JPS6234979B2 - - Google Patents

Description

Detailed Description of the Invention The present invention provides a low-speed hydraulic engagement element and a high-speed hydraulic engagement element that respectively establish a low-speed transmission system and a high-speed transmission system provided in a transmission, and can be freely switched between a low-speed position and a high-speed position. The present invention relates to a control device for a hydraulically operated transmission for a vehicle, in which pressure oil from a hydraulic source is supplied via a shift valve in a switchable manner.

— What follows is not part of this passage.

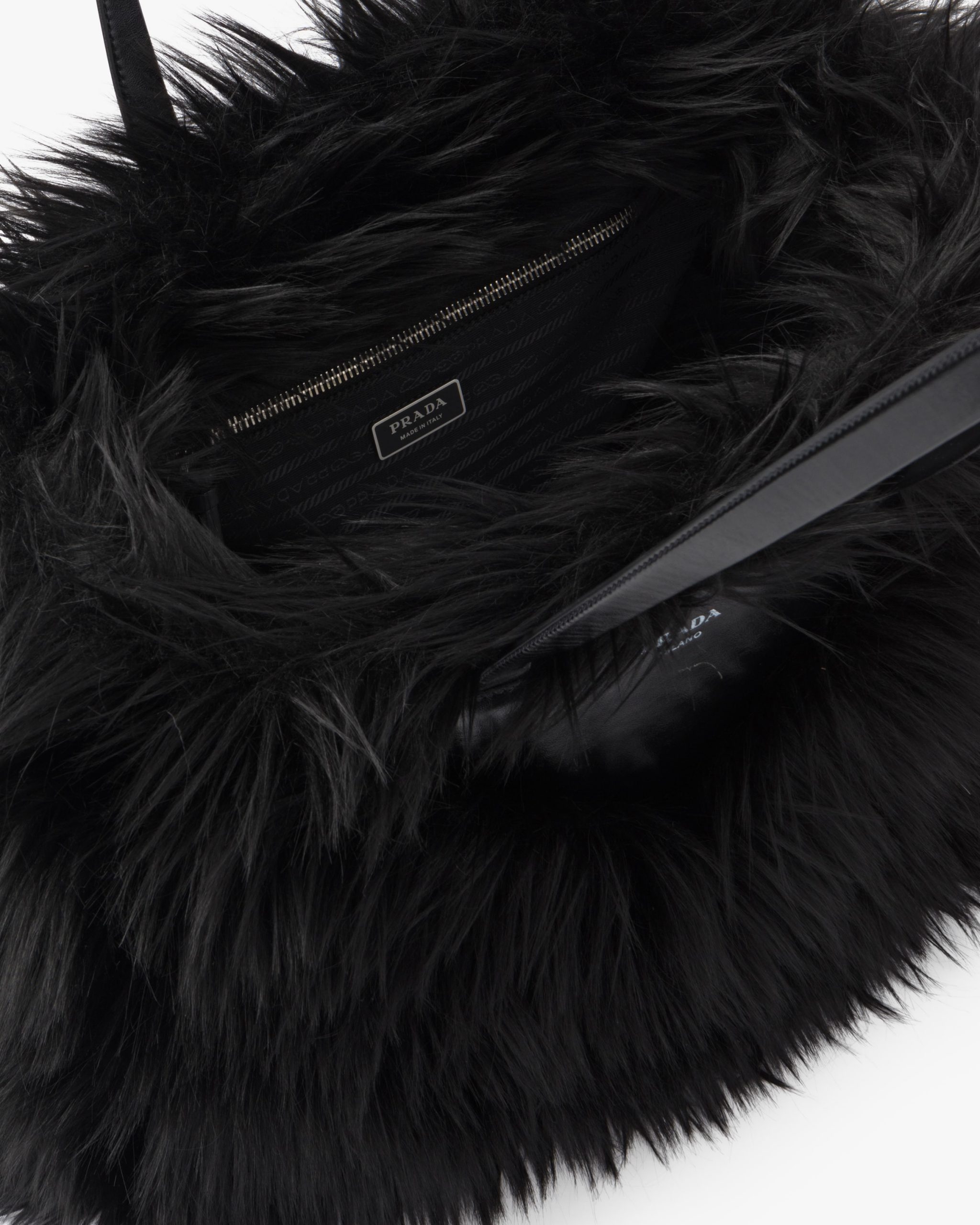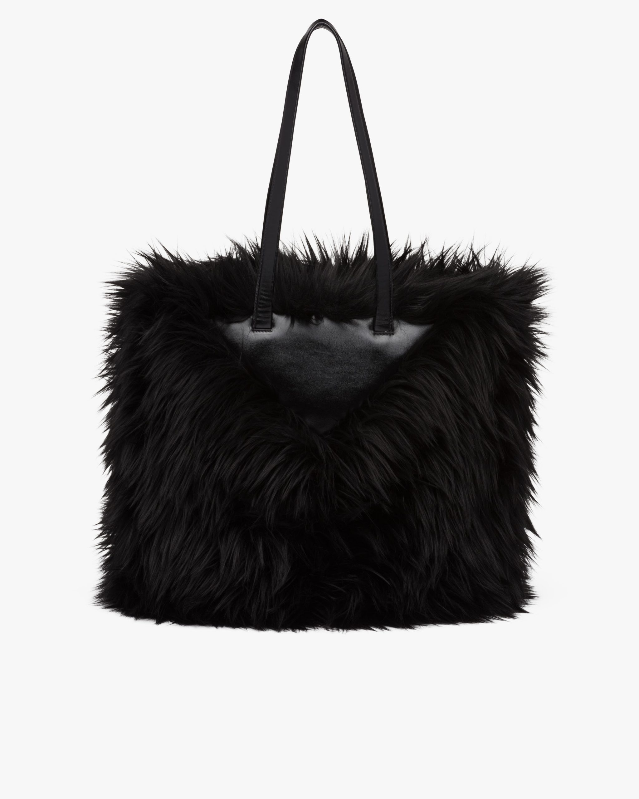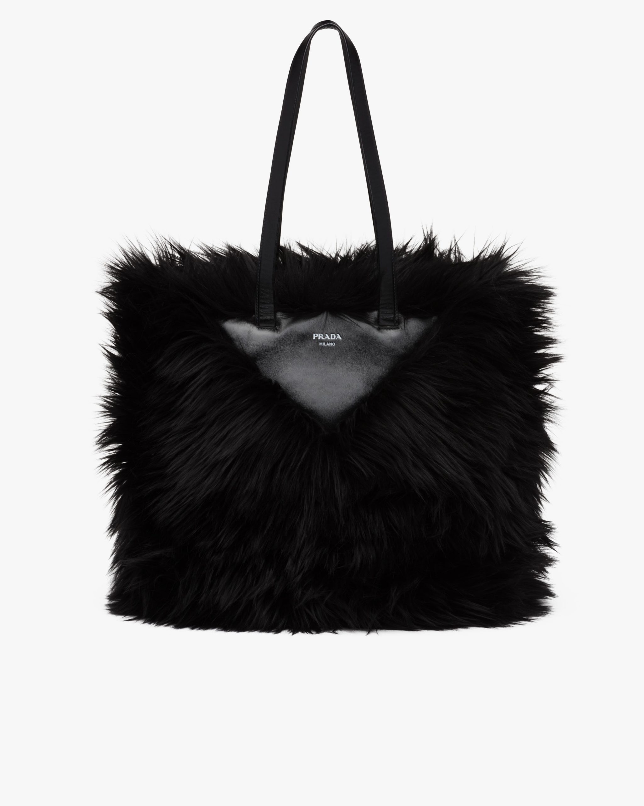 New volumes in soft faux fur fabric characterize this tote bag from the Fall Winter 2021 collectsion where the need for sensations and the pleasure of tactility translate into a panoply of textures and fabrics. The leather triangle with the iconic lettering logo that decorates the accessory lengthens to become a double handle.

Conventionally, this type of device has an orifice installed in the oil drain passage installed to drain oil from the low-speed hydraulic engagement element when the shift valve is switched to the high-speed position, and an orifice connected in parallel to this to increase the throttle opening of the engine. A drain oil control valve that is pressed toward the closing side is interposed, and there is a difference in pressure drop characteristics due to drain oil of the low-speed hydraulic engagement element between speed changes in the middle and high opening range of the throttle and speed changes in the low opening range. It is known to add .

To explain this in more detail, in the comparatively high opening range of the throttle, the engine torque becomes large, and the engagement pressure required to engage the high-speed hydraulic engagement element becomes high. However, in this region, the oil drain control valve is shifted to the closed side, and the resistance of the low-speed hydraulic engagement element to oil drain increases, causing a relatively gradual drop in the oil pressure of the low-speed hydraulic engagement element. Its release is also delayed, and the engine is prevented from racing due to the mutual engagement of both hydraulic engagement elements. In addition, in a comparatively low opening range of the throttle, the engagement pressure of the high-speed hydraulic engagement element decreases due to the decrease in engine torque, and the engagement of the high-speed hydraulic clutch during gear shifting is accelerated. Since the valve is moved to the open side and the oil drainage resistance is reduced, the hydraulic pressure of the low-speed hydraulic engagement element is lowered relatively rapidly and its release is accelerated, and co-engagement is restricted and the so-called engine stall occurs. is prevented.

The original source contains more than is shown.